Over sought by the Coos Bay Downtown Association, an independent organization with a mission to revitalize the down-town area, the market runs from the first Wednesday in May through the end of October. Within the season the market runs every Wednesday from 9am to 2pm, making it a big part of the community’s lifestyle.

“I think it is really important for customers, for community members to be able to directly consume fresh, wholesome produce that is grown in their region,” said Market Manager Karlee Cottrell.

Cottrell was born and raised in Coos Bay. After living out of town for a while, two and a half years ago she moved back and found a position she’s always wanted to get involved with. Starting as the Assistant Manager, she took over as the Market Manager in September and her favorite part about the market is the sense of community that it brings in.

“It connects a whole range of different individuals,” said Cottrell. “As far as the vendors who come form the Salem area, all the way down to the Roseburg area to come sell here and then all of our community members who come to shop here as well as the tourist that are traveling through.
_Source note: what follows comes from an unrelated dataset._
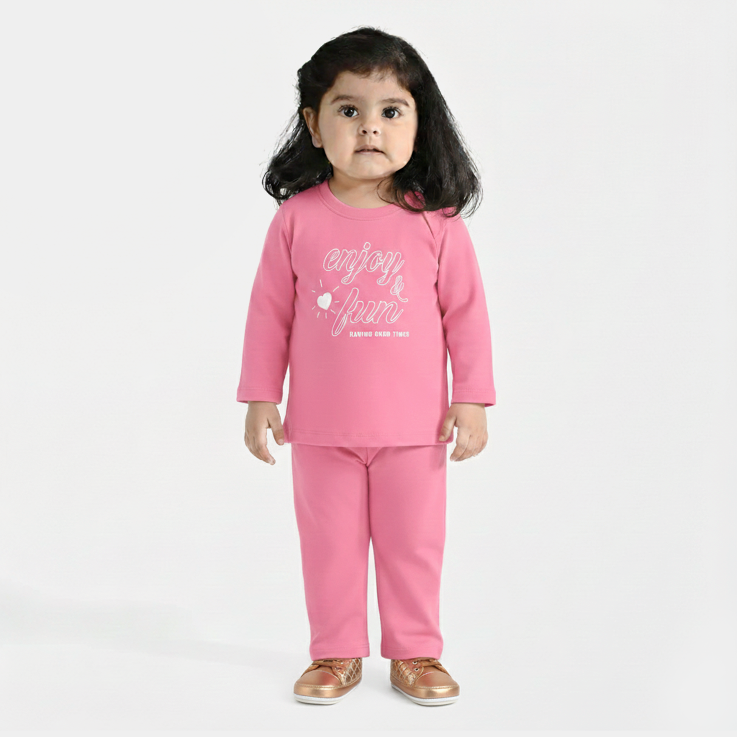 Basic pink cotton interlock set featuring a round neck, full sleeves, and an “Enjoy and Fun” print on the front, paired with matching bottoms.

So it gives a really good opportunity to let people see what our region has to offer.”

According to Cottrell, the market sees around 2000 customers every Wednesday with a good portion of those being tourists visiting the area. The attraction brings in people from all over, representing a large amount of local businesses and artists.

“I think that is really important as an economic stimulus as well,” said Cottrell. “This money is coming from community members and going back into the community.”

Vendors that want to participate in the Farmers Market can do so by applying through the online application process and paying a $17 non-refundable application fee. Customer’s that are on Oregon Food Stamps can also shop at the market.